De nada me valió jurar que el Fiesta no era mío, porque en todos los registros aparecía mi nombre. Tuve que seguir acudiendo a todos los juicios y continuar pagando todos los daños hasta que al fin dejaron de llegarme más demandas. Tal vez el tipo se hubiera vuelto a Irán, o tal vez habría muerto del cáncer de hígado que le deseé todas las noches durante año y medio, o quizá, esto es lo más probable, se cambió de vehículo y de papeles. Esto me enseñó que a veces la justicia no sólo era ciega, sino también imbécil. En fin, no eran unos antecedentes demasiado halagüeños como para acudir dando cabriolas a la llamada de la juez.

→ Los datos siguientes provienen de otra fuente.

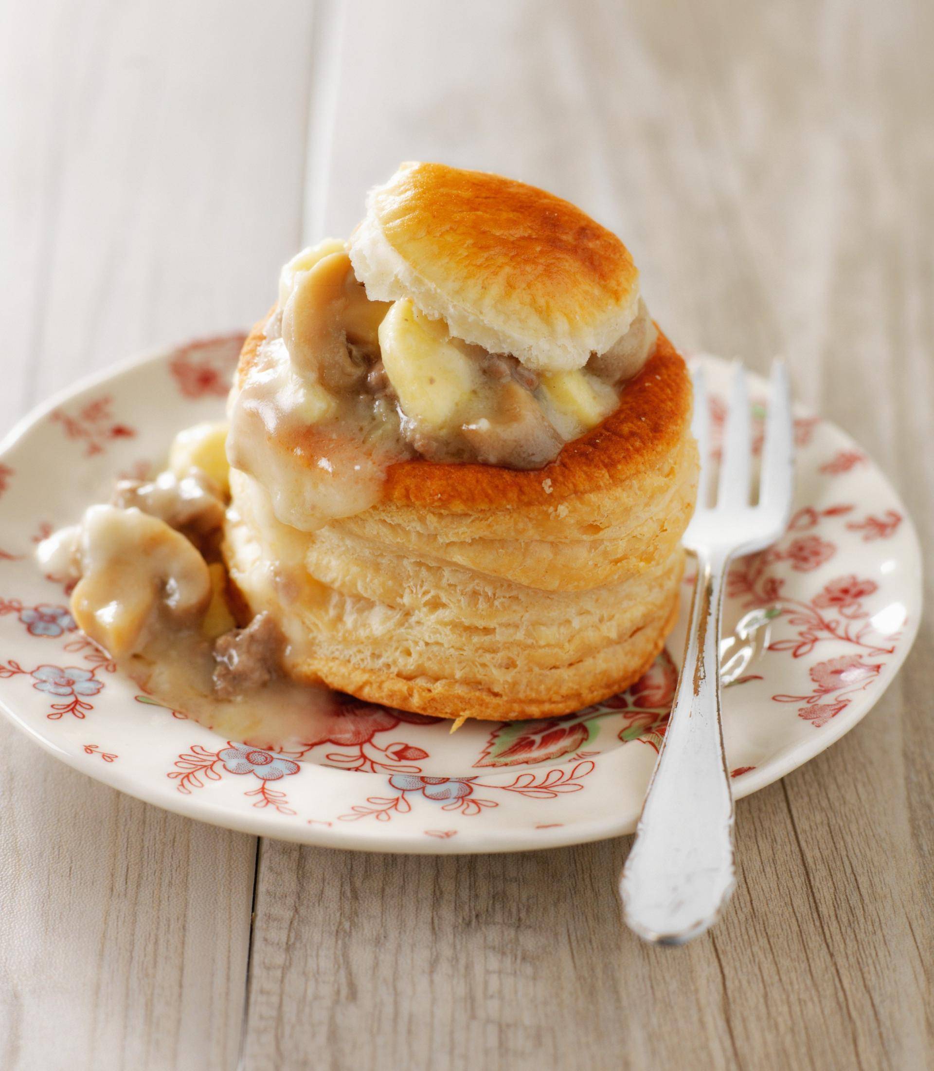Aggiungere le verdure cotte al vapore, lasciandone qualcuna da parte per la decorazione. Chiudere il coperchio e premere "Start". Riempire i vol-au-vent con il composto di besciamella e verdure e guarnire con le verdure avanzate.

De una juez, además, de la que desconfiaba especialmente. Porque la primera vez que hablamos ella y yo estaba delante el inspector García. ¿Qué demonios pintaba el callado e impávido García en aquella entrevista? Ya entonces me sorprendió la presencia del policía en el cuarto, pero ahora el asunto empezaba a parecerme siniestro: ¿estarían tal vez los dos en connivencia? Claro que todavía había una posibilidad peor que esa: y era que estos gorilas pulcros y aniñados estuvieran mintiendo. Que los hubiera enviado el inspector García. O los terroristas de Orgullo Obrero. O tal vez aquel pavoroso matón pelirrojo que ya nos había amenazado a Adrián y a mí.

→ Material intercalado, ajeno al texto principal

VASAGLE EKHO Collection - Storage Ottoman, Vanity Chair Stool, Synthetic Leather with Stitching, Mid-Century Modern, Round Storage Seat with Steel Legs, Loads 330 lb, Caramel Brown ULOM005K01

– ¿Y cómo sé yo que ustedes son lo que dicen ser, cómo sé que de verdad me van a llevar delante de la juez? -Ya ha visto nuestras identificaciones.

– Vaya una garantía. Pueden ser falsas. O a lo mejor son auténticas, pero lo que están falsificando son las intenciones. El gorila que había hablado conmigo suspiró:

– Entonces creo que no va a tener más remedio que confiar en nosotros.

Y eso fue lo que hice, confiar. La intuición es un impulso, una descarga eléctrica que circula por tus neuronas acarreando una información subliminal, unos datos tan sutiles que ni siquiera eres consciente de ellos. Yo siempre fui intuitiva, y siempre me fue bien cuando seguí ese primer impulso. Ahora la intuición me decía que esos muchachos no olían a peligro, y que sería peor enfrentarse con ellos. Así es que puse mi mano sobre el brazo de Félix y le di un pequeño apretón alentador.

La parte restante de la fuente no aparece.